Excel-like data entry interface with real time, in-line error validations

#	Requirement	Notes	Priority*
2a	User can enter data offline	Internet access is limited at some sites.	P0
2b	Application automatically saves a copy of form in its current state	Version control: Database manager wants research sites to be able to revert back to previous version in the event that something goes wrong.	P0
2c	Data entered has local persistence (application stores the state as data in user’s device storage)	The data entry person would like to be able to make changes to forms after saving/submitting.	P0
2d	User can configure columns on each form (addition, removal, reordering of columns)	Not all sites collect data in the same order or on the same variables.	P0
2e	User(s) can practice double data entry (entering the same data twice, comparing versions, and selecting the most accurate record) to minimize transcription errors	Read more about double data entry as a means for quality control here.	P0
2f	Users can complete manual data entry quickly using keyboard shortcuts		P0
2g	User can generate customizable field form PDFs for print use	This step is done once at the beginning of a census for each form.
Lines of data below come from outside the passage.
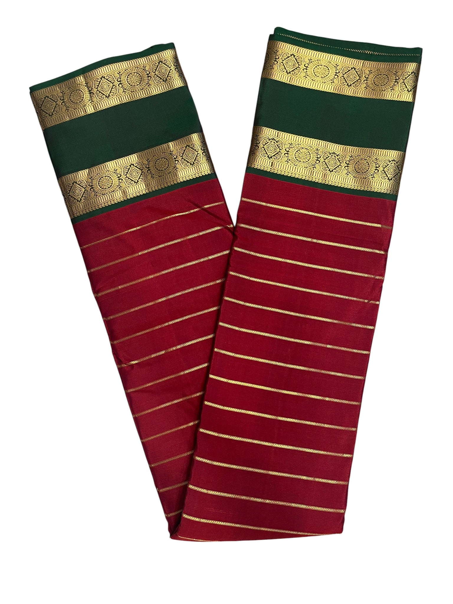 Southloom Pure Handloom Bridal Kanchipuram Silk Saree with Korvai Work(Red & Green)
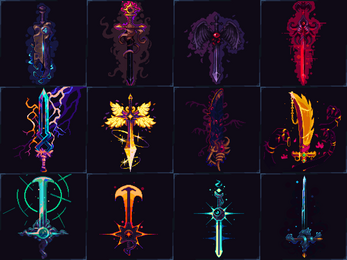 A collection of pixel art swords with unique themes (12 swords) 🗡️
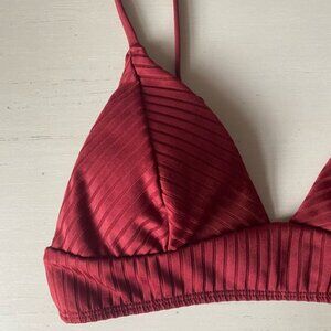 like new worn ONCE absolutely adorable garage size extra small burgundy maroon red ribbed triangle bikini top with spaghetti straps. has removable pads and adjustable straps super cute with any bottom! perfect for a day at the beach or tanning by the pool!

Would like to be able to fit two tables of data side by side on a single sheet to conserve paper.	P0
2h	User can enter location data and specify conversion parameters in order to standardize location data	Location data collected on different scales (utm, global, local, 20x20m, 10x10m, or 5x5m coordinates) depending on site. Makes sure that there’s a location for every new tag and informs of errors.	P1

Lo-Fi UI Mockups

Note: Not all features of the new ForestGEO App user experience are included in these mockups.

MVP

Figure 1.1 Drop box for CSV files containing census data that is either new or revised. Desktop - 1

Figure 1.2 CSV-uploaded census data displayed with inline error messages, for print or download.

Desktop - 3

Figure 1.3 Previously uploaded file list, with indication of validation status and ability to edit or delete files.

Desktop - 4

MVP+

Note: This iteration includes a stepper bar which contextualizes the user's location in the entire census data management process.
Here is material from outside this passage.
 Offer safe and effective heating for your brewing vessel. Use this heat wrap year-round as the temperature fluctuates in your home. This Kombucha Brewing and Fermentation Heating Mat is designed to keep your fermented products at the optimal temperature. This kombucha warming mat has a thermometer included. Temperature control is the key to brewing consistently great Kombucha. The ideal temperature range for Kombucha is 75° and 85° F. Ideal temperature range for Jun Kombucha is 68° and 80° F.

Figure 2.1 Site-specific form configuration with column reordering, addition, and/or removal.

Desktop - 1

Figure 2.2 Previously entered data list, separated by form and quadrat, and options for user to upload CSV file or manually enter data.

Desktop - 2

Figure 2.3 Excel-like manual data entry with real-time, in-line error validations and double data entry option accessed via "Compare Versions" button

Desktop - 3

Figure 2.4 Comparing two versions of the same data, entered using double data entry method, and selecting the most correct record before merging into one file

Desktop - 4

Solutions Previously Explored

Updating legacy CTFSWeb application rather than rebuilding. CTFSweb was designed to run on a local machine for one research site. In order to leverage the cloud, support multiple sites, and make other much-needed enhancements to the user-experience, we would need to change nearly every piece of the CTFSWeb source code. Therefore, our assessment is that creating a new application will overall be less friction than updating CTFSWeb to meet the needs of users. We've also consulted with the original developers of CTFSWeb, and they agree with our assessment.
Automated data entry using Azure Forms Recognizer. In Summer 2020, Microsoft Global Hackathon volunteers spent a couple days exploring using machine learning to convert paper field forms to digital data. This investigation did not yield a viable prototype, since ForestGEO paper forms were found to have inconsistent formatting and sometimes multiple languages.
Progressive Web Application. In Fall 2021, Microsoft Global Hackathon volunteers including software engineers, data scientists, and a program manager worked to improve upon the progress made in the previous hackathon on the single data entry webpage. The team successfully built a progressive web application (PWA) that functions both online and offline. They also documented existing pre- and post-uploading screenings and determined whether they require internet to run (Appendix Fig 4 & 5).

Out of Scope

Modify schema of the final data in the Smithsonian Digital Repository.
Managing supplementary data processes (wood density, phenology, rainfall, etc.) not directly related to five-year, full census.

Appendix

Figure A.1 Function of data entry forms

Explains the functions and use cases for each data entry form used during a census.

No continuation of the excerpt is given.